La Bibbia invita a considerare la tentazione in una prospettiva originale: come un momento di verifica della solidità delle scelte dell’uomo, come un’occasione di crescita. Nella tentazione è insito anche il rischio di commettere errori, ma questo pericolo è inevitabile se si vuole maturare, divenire “esperti, “periti”. Questi termini infatti altro non significano che “tentati”, “sottoposti a una prova, a un esame”.

La scelta è fra accogliere o rifiutare il progetto del Padre.

Due uomini sono messi a confronto: uno – Adamo – decide di seguire i propri giudizi ingannevoli; l’altro – Cristo – fa costante riferimento alla parola di Dio. Il primo stende la mano verso un frutto di morte, il secondo diviene l’autore della vita.

Per interiorizzare il messaggio, ripeteremo:
“Crea in me, o Dio, un cuore puro, rinnova in me uno spirito saldo”

Prima Lettura (Gn 2,7-9; 3,1-7)

7 Allora il Signore Dio plasmò l’uomo con polvere del suolo e soffiò nelle sue narici un alito di vita e l’uomo divenne un essere vivente.
8 Poi il Signore Dio piantò un giardino in Eden, a oriente, e vi collocò l’uomo che aveva plasmato. 9 Il Signore Dio fece germogliare dal suolo ogni sorta di alberi graditi alla vista e buoni da mangiare, tra cui l’albero della vita in mezzo al giardino e l’albero della conoscenza del bene e del male.
3,1 Il serpente era la più astuta di tutte le bestie selvatiche fatte dal Signore Dio. Egli disse alla donna: “È vero che Dio ha detto: Non dovete mangiare di nessun albero del giardino?”. 2 Rispose la donna al serpente: “Dei frutti degli alberi del giardino noi possiamo mangiare, 3 ma del frutto dell’albero che sta in mezzo al giardino Dio ha detto: Non ne dovete mangiare e non lo dovete toccare, altrimenti morirete”. 4 Ma il serpente disse alla donna: “Non morirete affatto! 5 Anzi, Dio sa che quando voi ne mangiaste, si aprirebbero i vostri occhi e diventereste come Dio, conoscendo il bene e il male”. 6 Allora la donna vide che l’albero era buono da mangiare, gradito agli occhi e desiderabile per acquistare saggezza; prese del suo frutto e ne mangiò, poi ne diede anche al marito, che era con lei, e anch’egli ne mangiò. 7 Allora si aprirono gli occhi di tutti e due e si accorsero di essere nudi; intrecciarono foglie di fico e se ne fecero cinture.

A prima vista questo racconto sembra molto semplice, tale da poter esser capito anche dai bambini.

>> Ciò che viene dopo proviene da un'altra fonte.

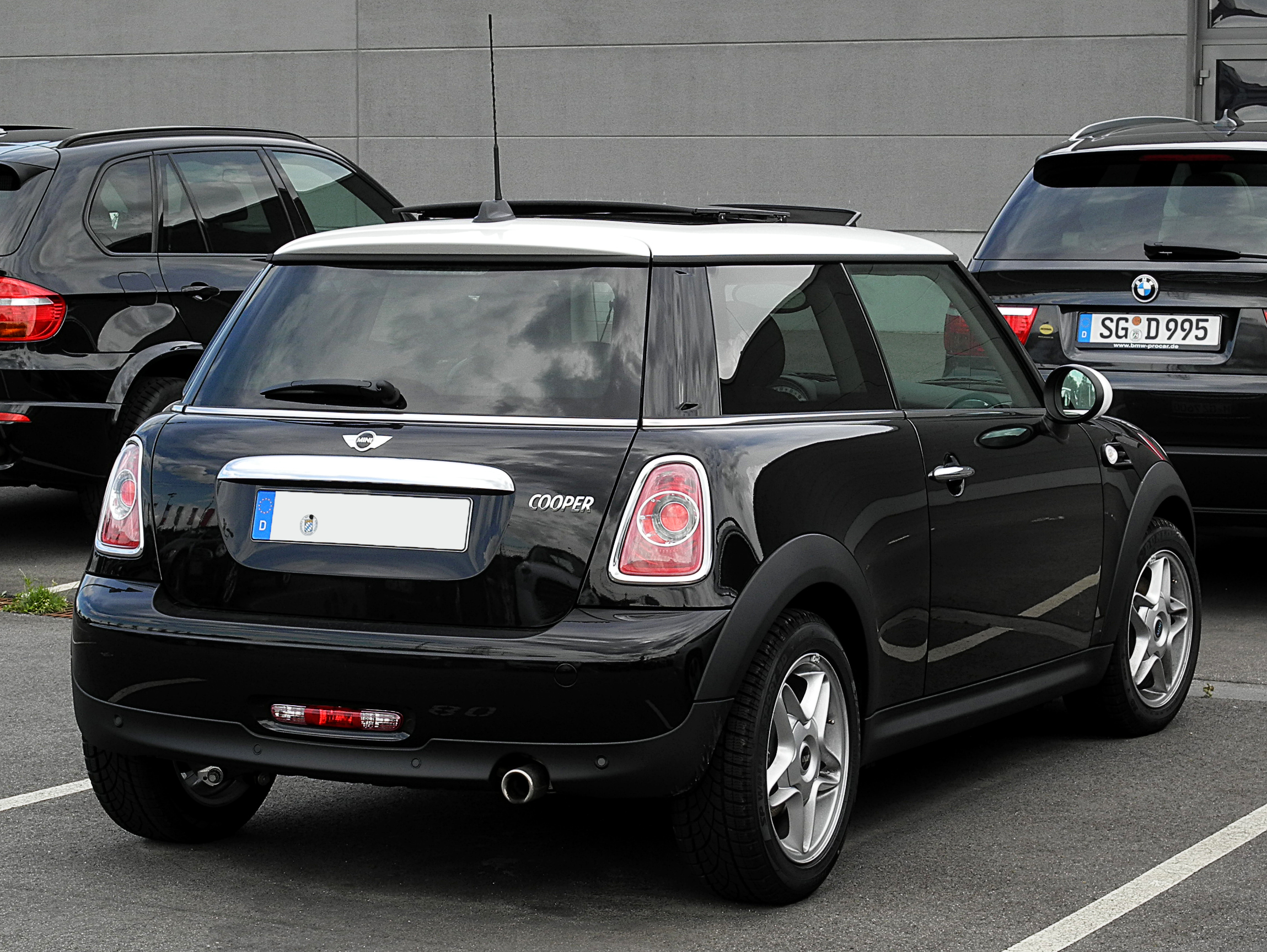 Mini Cooper (R56, Facelift)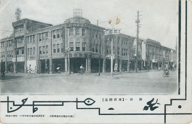 Ginza, Takao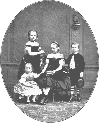 Kaiserin Auguste Viktoria (Mitte), mit ihren Geschwistern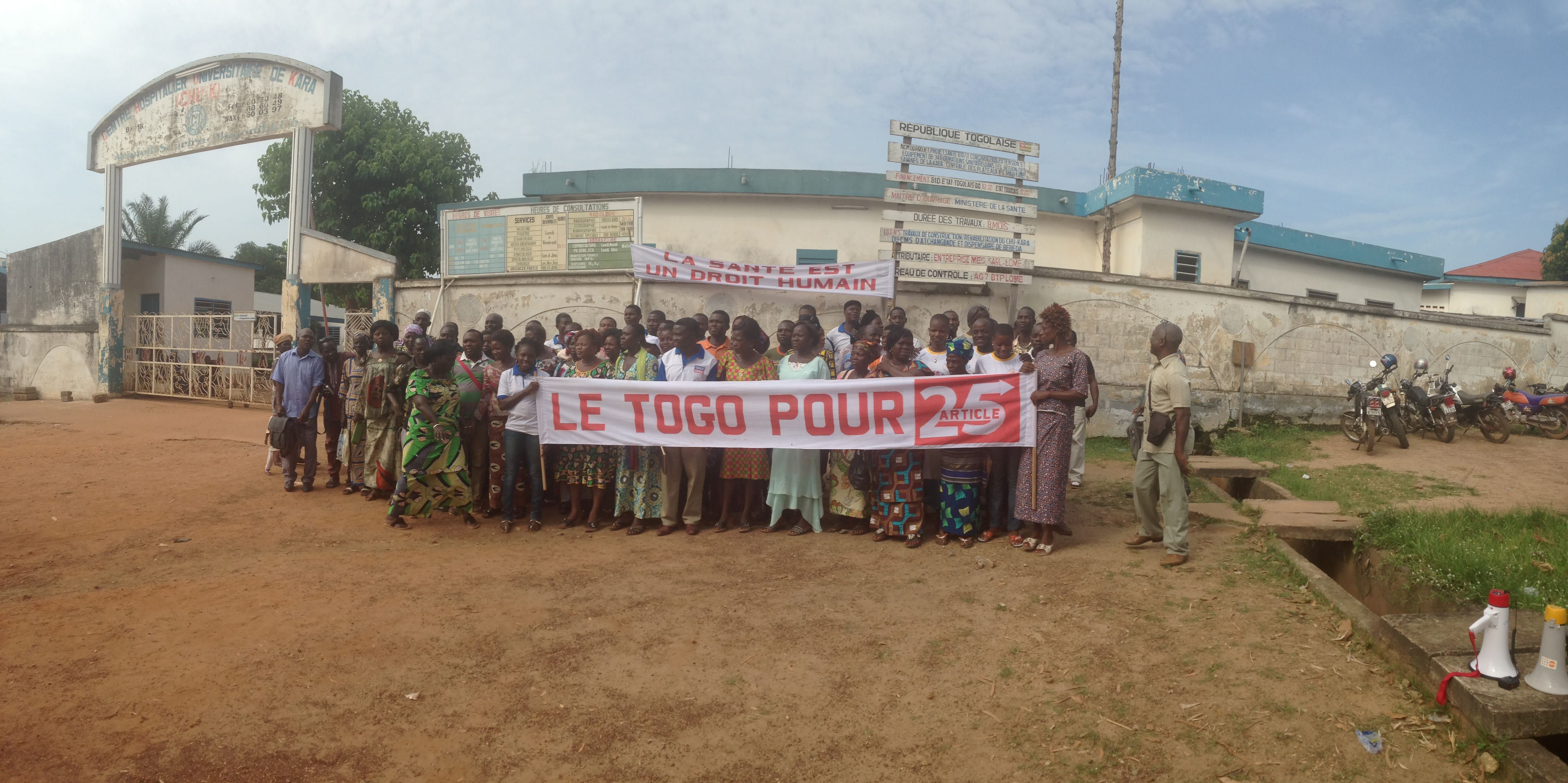 AED and a network of NGOs in Togo hosted a demonstration this morning in front of the regional hospital in Kara.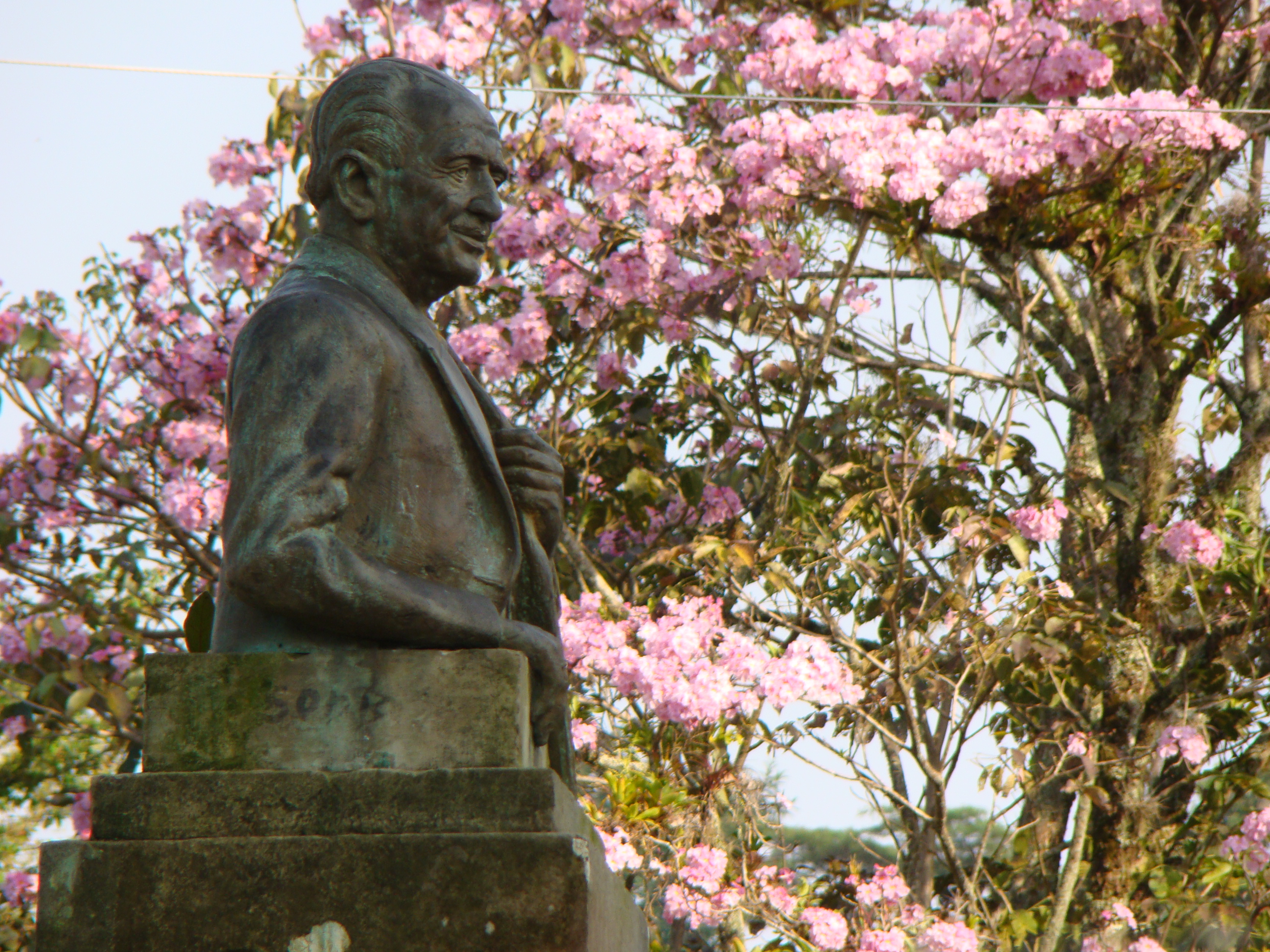 Lucas Caballero Barrera

Partendo da questo presupposto, sono state dedotte conclusioni sul “peccato originale” che a molti oggi appaiono problematiche, fragili e infondate.

Non è serio pensare che un serpente abbia parlato, che sia esistito in qualche parte del mondo il giardino dell’Eden, che Dio abbia passeggiato in questo giardino e che abbia dato proibizioni tanto ridicole, come quella di non mangiare un frutto.

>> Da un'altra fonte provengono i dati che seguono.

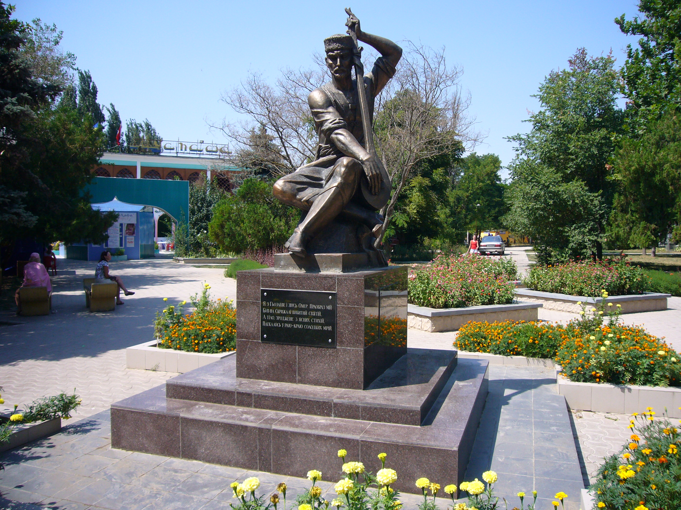 Monument to Poet Omer Gezlevi in Eupatoria, Crimea, Ukraine /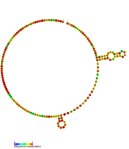 Secondary structure and sequence conservation image for CDKN2B-AS non coding RNA (RF01909). Nucleotide colouring indicates sequence conservation between the members of this family.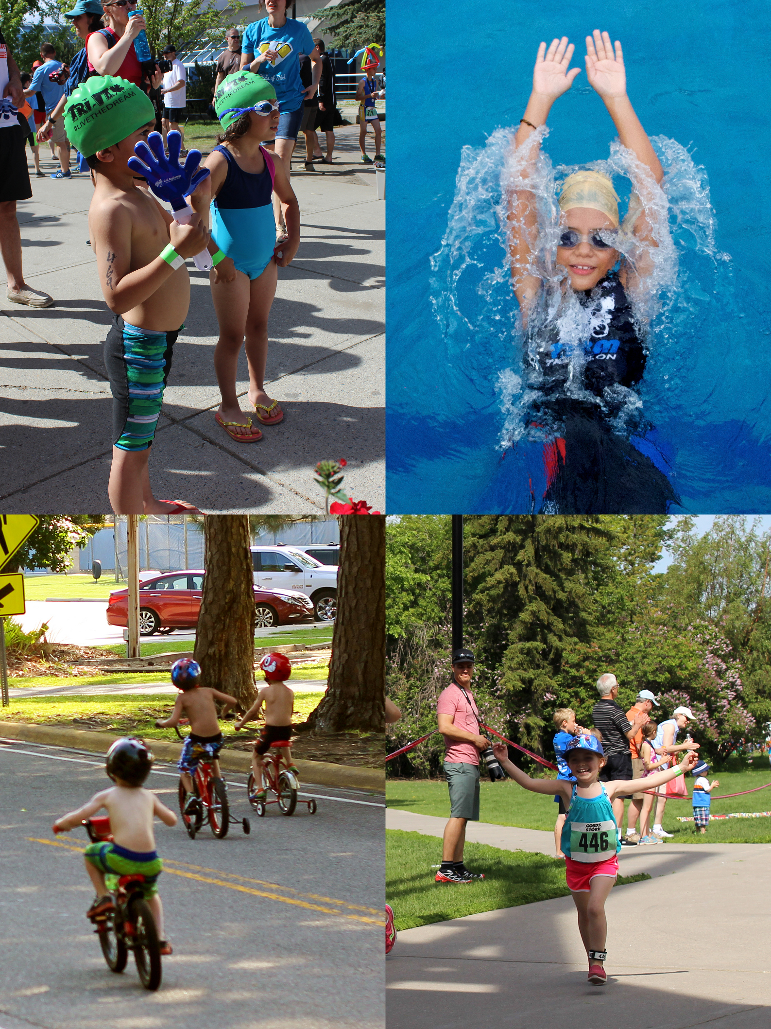 Kids-Triathlon

 È difficile accettare che si debbano portare le conseguenze di un errore commesso dalla prima coppia umana. Perché e da chi è stato stabilito che questa colpa venga trasmessa in eredità? Chi può ancora credere che tutte le sofferenze dipendano dal peccato di Adamo ed Eva?

Si tratta di obiezioni serie che obbligano a rivedere una certa interpretazione del “peccato originale”. Ci si chiede se essa sia fondata sul racconto biblico oppure derivi dall’incomprensione del genere letterario impiegato dall’autore sacro.

Adamo ed Eva sono due individui storici e noi i loro poveri discendenti o siamo noi Adamo e Eva? In altre parole, il racconto del “peccato originale” è la cronaca di un fatto singolo o è la storia di ogni uomo e di ogni donna che oggi sono tentati e sedotti da proposte di felicità illusorie?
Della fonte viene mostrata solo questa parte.